The Mississippi River forms Arkansas’ eastern border, and when the river flooded to historic levels in 2011, the state was hit hard. Agriculture is the state’s biggest industry, and the 2011 flooding cost millions in crop damage. Flooding killed 18 people in Arkansas in 2011 alone.

4. Wyoming
> 5-year fatality rate:
34.5 (per million residents)
>Total fatalities 2011-2015: 20
>Total damage 2011-2015: $45.5 million
>Poverty rate: 11.6%

Unlike many of the other states on this list, destructive natural disasters are relatively uncommon in Wyoming. However, because it has the smallest population of any state, even a single weather-related fatality can have a dramatic effect on the overall rate.

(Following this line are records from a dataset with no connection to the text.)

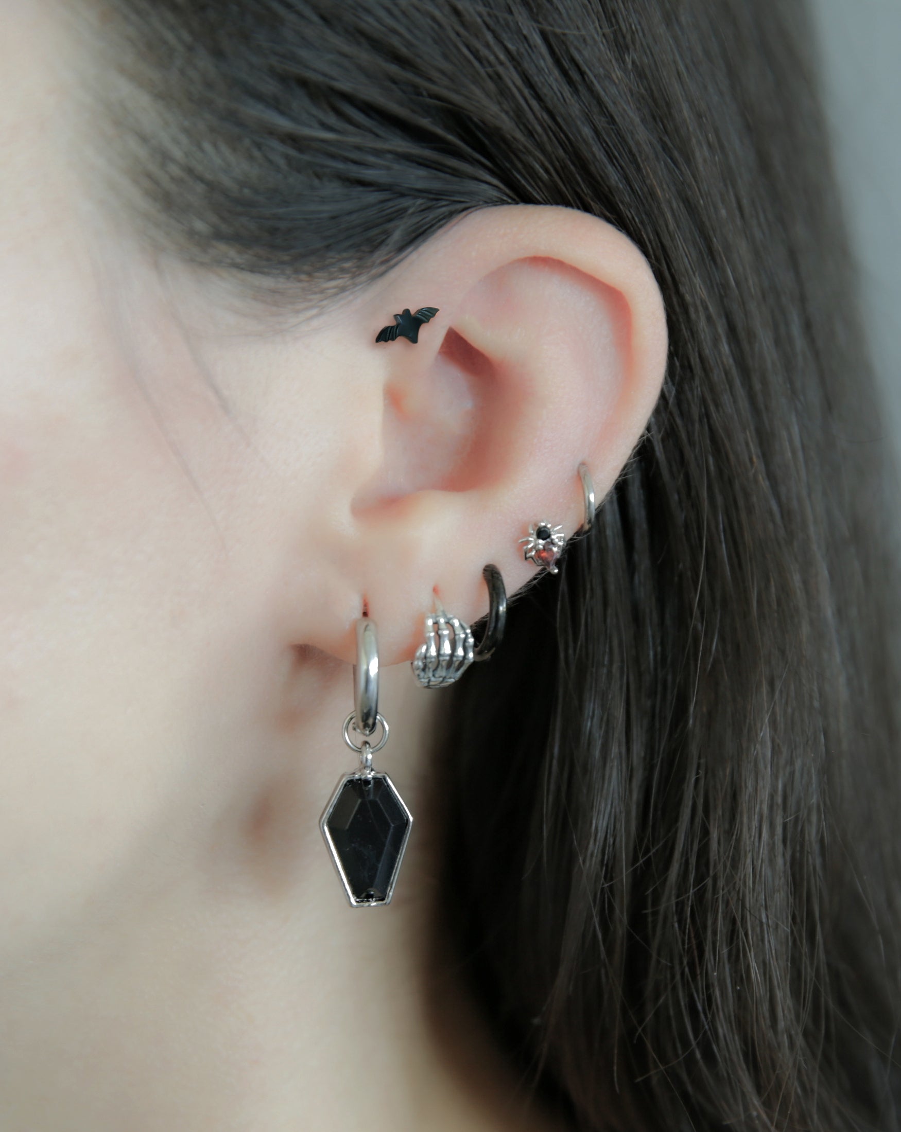 CZ Crystal Coffin Dangling Huggie Hoop Earrings - Pair - 316L Stainless Steel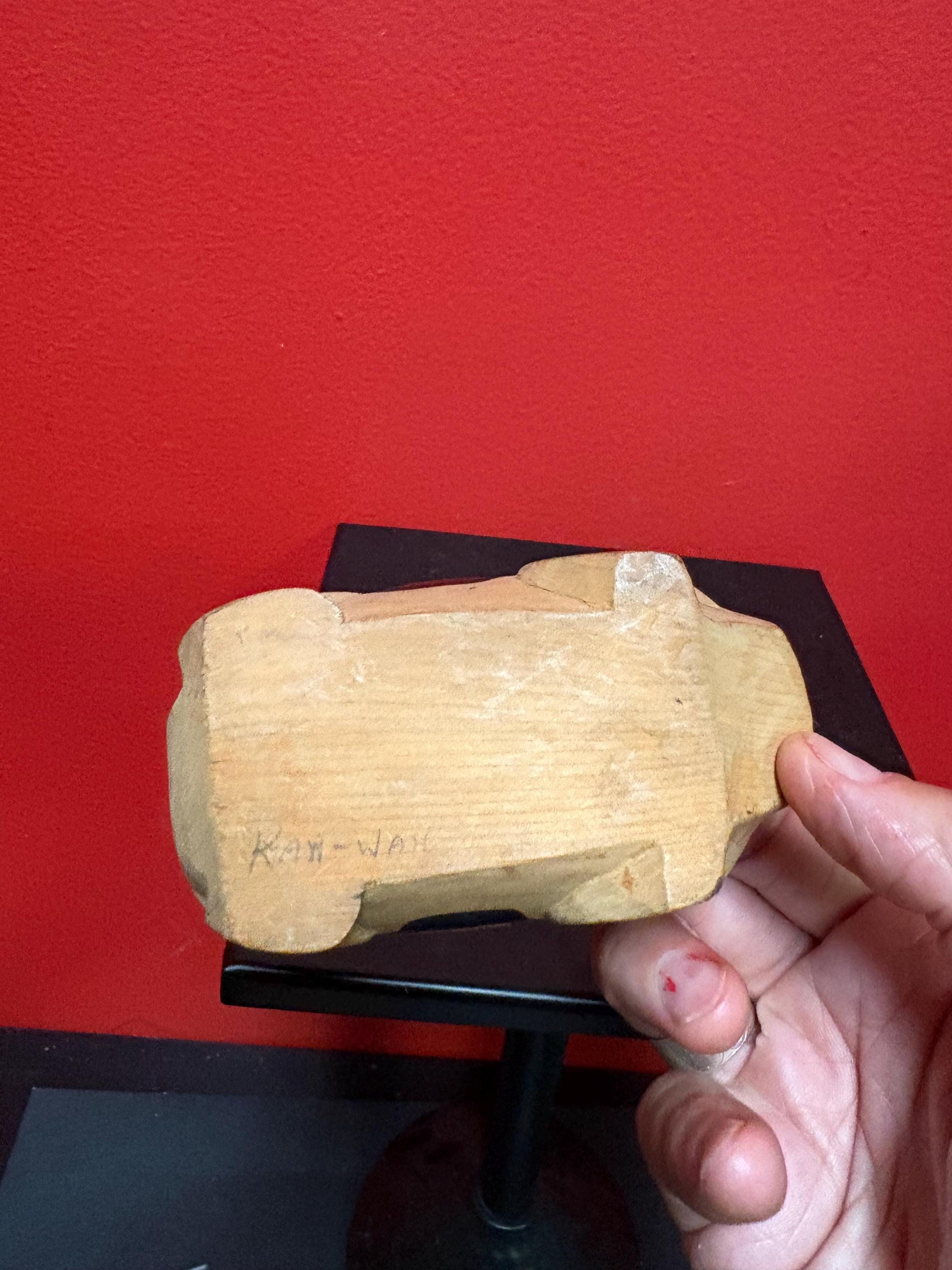 Beautiful antique indigenous first nation specific West Coast KAW - WAH painted cedar tiny feast bowl 5 x 2 1/2 wide hedgehog?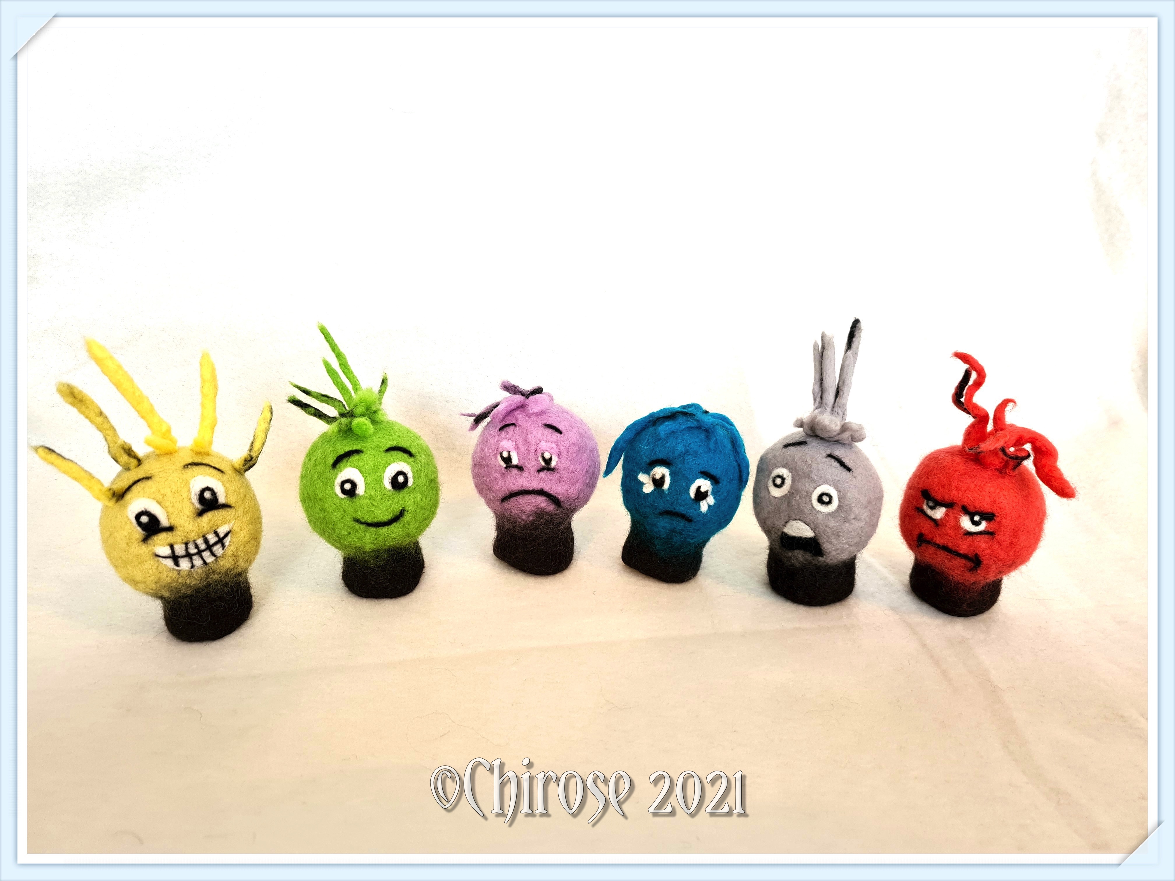 6 st olika känslor. Dom går att få i samma färg för den som önskar.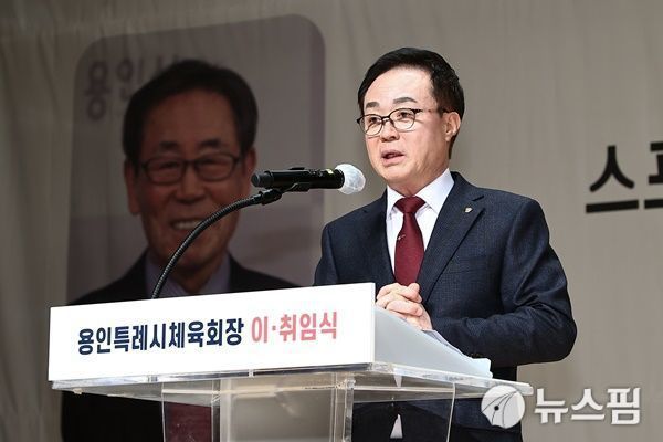 오광환 용인시체육회장이 지난 2023년 2월 25일 취임 인사를 한다. [사진=뉴스핌 DB]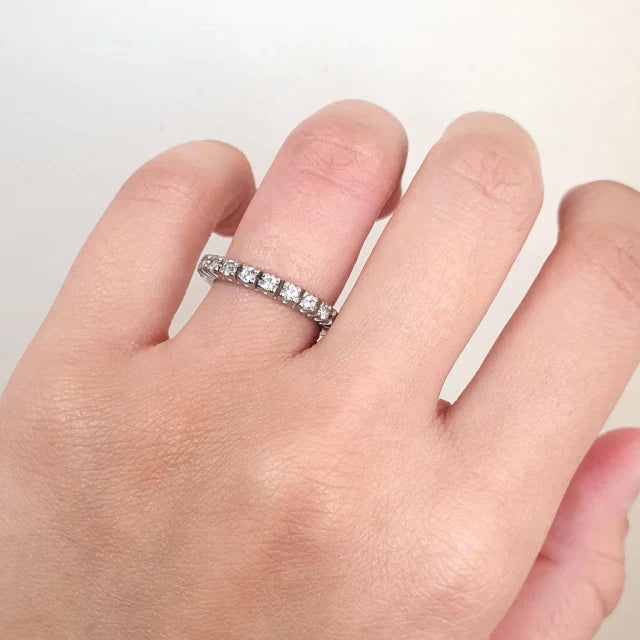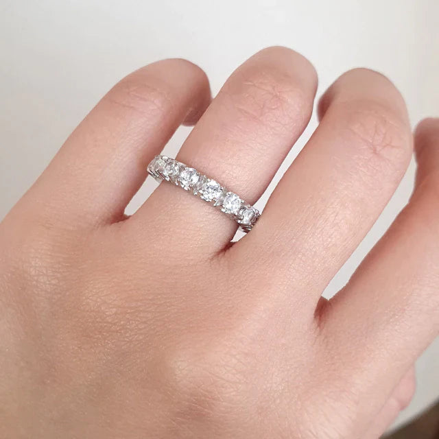 Anel em prata 925 aliança inteira com topázios incolores naturais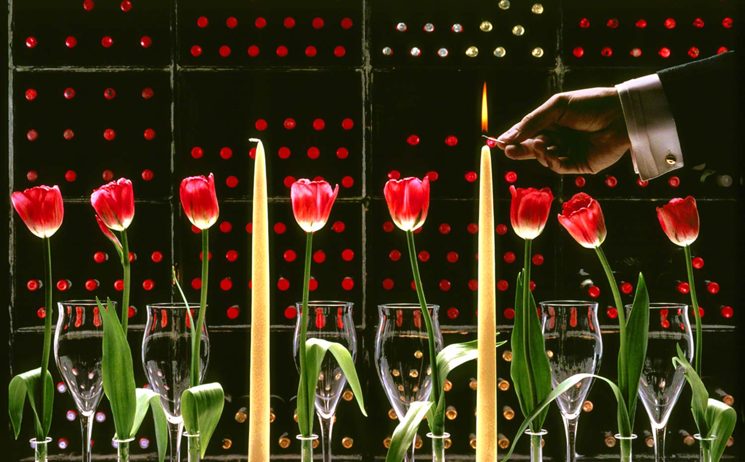 I created this photo in the wine cellar of a well known restaurant in the area. With the bottles of wine in the background, I set up a table and arranged the wine glasses and tulips from edge to edge. That was the easy part. I wanted to show a hand coming into the frame lighting one of the candles. Trying to open the shutter and exposing for the table setting and then having the hand light the candle proved to be impossible. I just couldn’t get the flame to stand up and look delicate. Remember that this was before the days of Photoshop, where it would now be soooooooo easy to create it on the computer.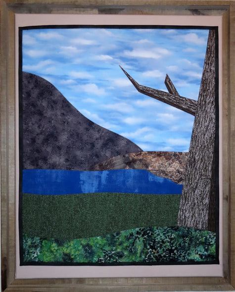 Blue Mountain Lake is a quilted collage & appliqué piece. It is inspired by a tranquil mountain lake in the Catskills - it instantly makes me calm when I an in this atmosphere.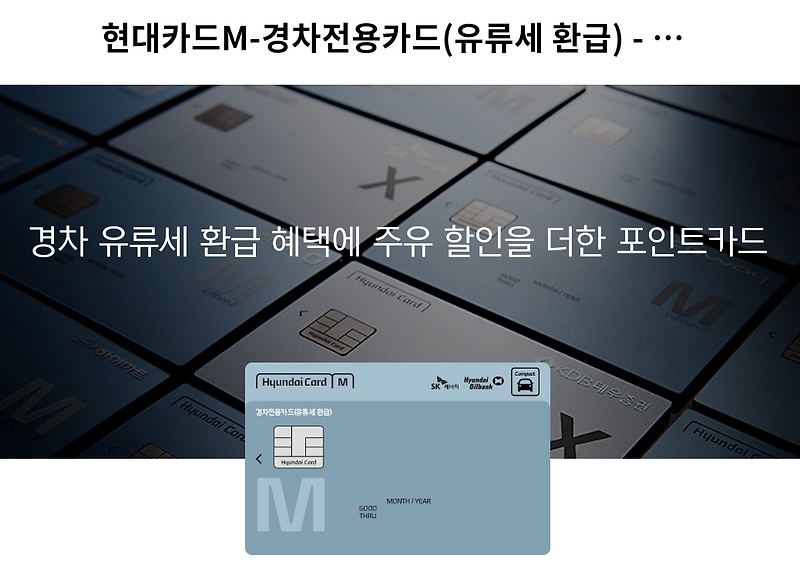 현대카드 M 경차 전용 카드를 발급받아 2개월간 70만원~30만원 미만 혜택을 받을 수 있는 현대오일뱅크, sk에너지주유소에서 주유할 경우 리터당 200원씩 할인받을 수 있다.70만원 이상 사용하면 리터당 400원 청구할인을 받을 수 있다
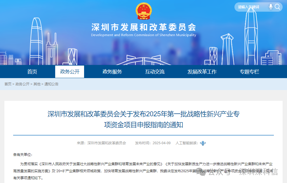 深圳市发展和改革委员会昨日发布了2025年第一批战略性新兴产业专项资金项目申报指南,共针对半导体与集成电路、生物医药、高端医疗器械、大健康、新能源、安全节能环保六个领域展开扶持,最高资助6000万!企业注意抓紧时间申报,欢迎咨询深科信,获取专属项目指导。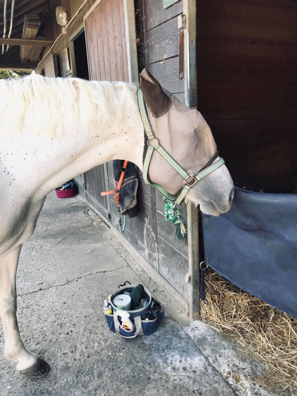 Ce qu'elle n'avait pas prévu c'est que comme il fait beau, j'ai pris la résolution de nettoyer un minimum mon cheval même si il n'y a pas concours!
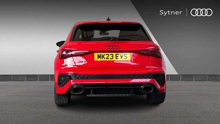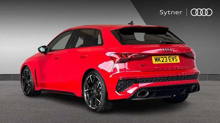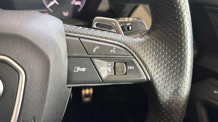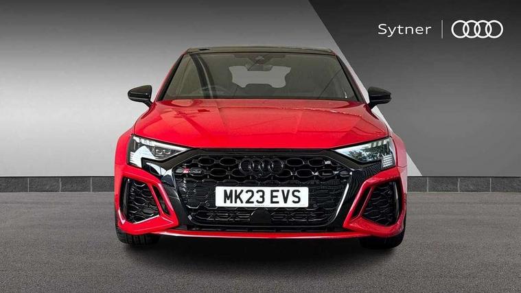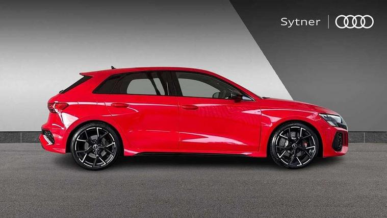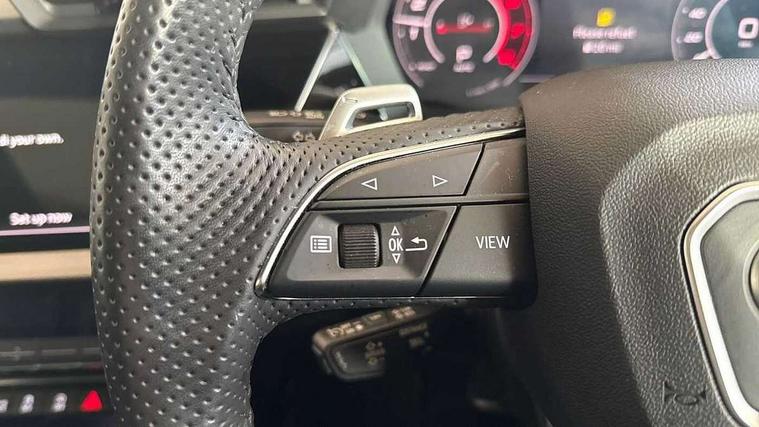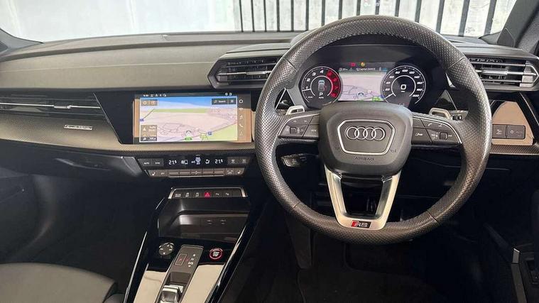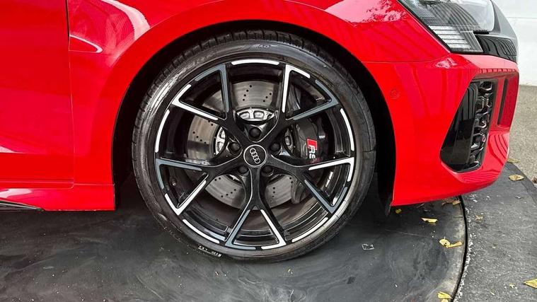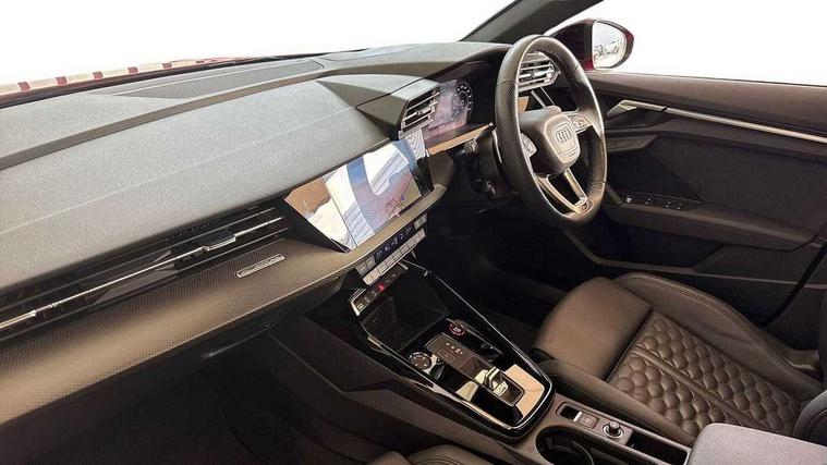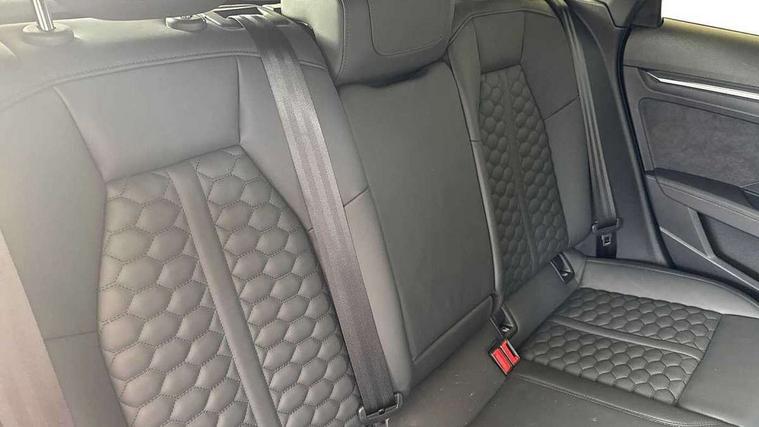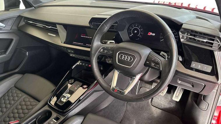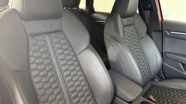 Adaptive cruise assist, Adaptive cruise control, Audi smartphone interface, Audi virtual cockpit with RS specific display 12.3" full colour digital instrument cluster, Automatic start/stop system with recuperation, Bluetooth interface, Camera based traffic sign recognition, Collision avoidance assistant, Emergency e-call, Head up Display, Lane departure warning system, Legal emergency call, Parking assist with parking system plus, Power operated tailgate - Luggage compartment lid opens electrically, Progressive power assisted steering, Reversing camera, Quattro permanent four wheel drive, Rear suspension, DAB Digital radio, 3rd brake light, Acoustic glass windscreen, Audi beam uses LEDs to project the Audi sport logo onto the ground as you exit your RS 3, Audi matrix LED headlights, LED rear lights, dynamic front and rear indicators and headlight cleaning system, Auto dimming rear view mirror, Black side skirts, Body colour roof, Carbon exterior door mirror, Carbon fibre engine cover, Daytime running lights, Electric adj heated/folding + auto dimming exterior mirrors with memory + LED indicator + auto kerb side function for passenger side exterior mirror, Front spoiler in high gloss black, Heat insulating glass windscreen, Light and rain sensors, Panoramic glass sunroof, Privacy glass - dark tinted rear and rear side windows from B-pillar backwards, Rear side wing doors, Rear window wiper and washer system, RS exterior features in gloss black, RS sports exhaust system, 3 seat bench in 2nd row, 3 spoke leather multifunction steering wheel with gear shift paddles, 4 way lumbar support for front seats, 40/20/40 split folding rear seat bench, Black cloth headlining, Dual zone electronic climate control, Electrically adjustable front seats with memory function for driver's side, Front and rear headrests, Front centre armrest, Front sports seats RS embossed logo, Front/rear floor mats, Heated front seats, Honeycomb stitching and RS embossing, Illuminated door sill trims inlays in aluminium with RS 3 logo, Illuminated vanity mirror, RS emblems, Single front passenger seat, Stainless steel pedals and front footrest in black, Aluminium interior elements pack - RS3, Ambient lighting pack - RS3, Comfort and sound pack - RS3, Driver assistance pack with 3 spoke leather multi function steering wheel - RS3, MMI navigation plus with MMI touch - RS3, RS bodystyling - RS3, Storage Pack - RS3, 3x3 point rear seat belts, ABS/EBD, ASR, Audi pre sense front, Driver/Front Passenger airbags, EDL, ESC - Electronic Stability Control + traction control, Front passenger airbag deactivation, Front side airbags with head airbags and interaction airbag, Hill hold assist, Seat belt reminder with passenger presence detection in rear, Tyre pressure loss indicator, Warning triangle and first aid kit, Anti theft alarm, Anti-theft wheel bolts, Electronically operated child lock, Remote control central locking, Full decorative carbon trim, 19" 5 Y spoke black with graphic print alloy wheels, Tool kit, Tyre repair kit,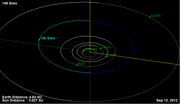 Nel 1874 l’astronomo Johann Palisa scopre l’asteroide 1948 AL e lo battezza 140 Siwa, un grande e scuro asteroide della fascia principale; possiede una curva di luce molta piatta, che indicherebbe un corpo pressoché sferico. La sua composizione è quella di una asteroide di tipo P (o probabilmente di tipo C), la classificazione spettrale la si può vedere qui: https://it.m.wikipedia.org/…/Classificazione_spettrale…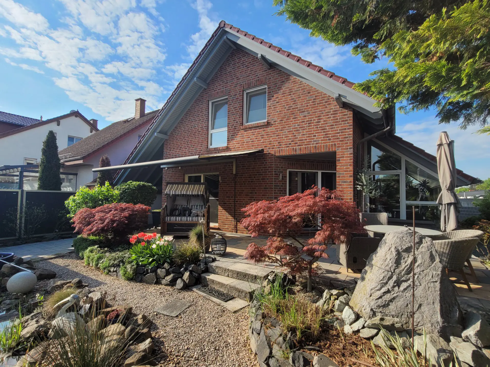 Große Fenster und Türen mit hervorragendem Schallschutz schaffen eine ruhige, warme und freundliche Atmosphäre und bieten einen herrlichen Blick in den mit viel Liebe angelegten Garten.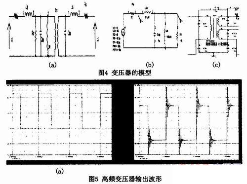 對(duì)圖4(b)電路進(jìn)行仿真得圖5波形,變壓器輸入波形和輸出波形分別如圖5(a)、(b)所示??梢?jiàn),由于分布參數(shù)的存在,在上升沿和下降沿具有上下沖尖峰存在,這是互感和漏感在開(kāi)關(guān)轉(zhuǎn)換瞬時(shí)引起電壓尖峰,是EMI的主要來(lái)源,必須加以控制。為此,改進(jìn)電路如圖4(c)所示,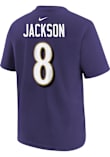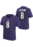Let your little Ravens fan show support for their favorite player in this Youth Lamar Jackson Short Sleeve Player Tee. This Purple Short Sleeve Player T-Shirt features a screen print player name and number.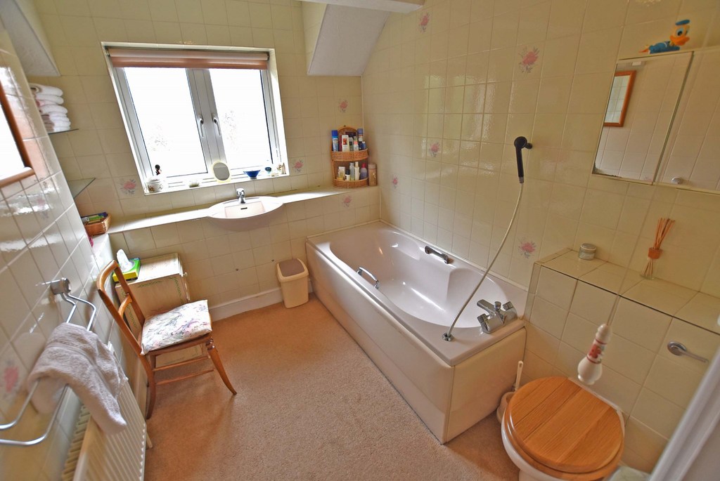 Double glazed obscure glass window to the rear aspect, radiator, fully tiled walls, concealed low flush WC, hand basin, panel bath with mixer tap, shower hose fitting.

Over the last five years, 20 people have died because of weather in Wyoming, fewer than in the majority of other states. However, when adjusted for the population, the state’s weather-related deaths per capita is one of the highest in the country. Nearly three-quarters of all weather-related deaths in the state in the last five years were due to avalanches in the Teton, Snake River, and Wyoming Range.

3. Nevada
> 5-year fatality rate:
36.1 (per million residents)
>Total fatalities 2011-2015: 101
>Total damage 2011-2015: $133.0 million
>Poverty rate: 15.6%

Nevada is one of only a handful of states with more than 100 weather-related deaths in the last five years. It also has the third highest weather-related fatality rate in the country. The driest state in the country, much of Nevada is a desert. In 2013, 42 people were killed and another 576 were injured due to extreme weather in Nevada. That same summer, the state was in the middle of a heat wave that had swept across the Southwest, and multiple cities in the state reported near record high temperatures. Partially due to the heat wave, 2013 the deadliest year in the last half decade in Nevada.

2. Missouri
> 5-year fatality rate:
43.5 (per million residents)
>Total fatalities 2011-2015: 263
>Total damage 2011-2015: $3.5 billion
>Poverty rate: 15.6%

More than two-thirds of the total weather-related fatalities in Missouri in the last five years happened in 2011. That year, the city of Joplin was devastated by an EF5 tornado, the most powerful classification. The twister killed more than 160 people and injured over a thousand. 2011 was also the most costly year due to weather-related disasters in Missouri in the last half decade. Due largely to the tornado that all but destroyed Joplin, the estimated damage in Missouri that year was nearly $3.3 billion. The Joplin tornado ranks as one of the deadliest in U.S. history.

1. Alabama
> 5-year fatality rate:
61.1 (per million residents)
>Total fatalities 2011-2015: 295
>Total damage 2011-2015: $4.4 billion
>Poverty rate: 18.9%

Roughly 85% of all weather-related fatalities in Alabama in the last half decade occurred in 2011. That year, the state was the hardest hit by the weather event dubbed “The Tornado Super Outbreak of 2011.” In a four-day period in late April that year, tornadoes killed more than 230 people and injured thousands in Alabama.

Partially because they have fewer resources to prepare for disastrous weather conditions, people living in poverty are more likely to be killed by extreme weather. In Alabama, a state with the fifth highest poverty rate in the country, more people have died due to weather in the last five years than in any other state.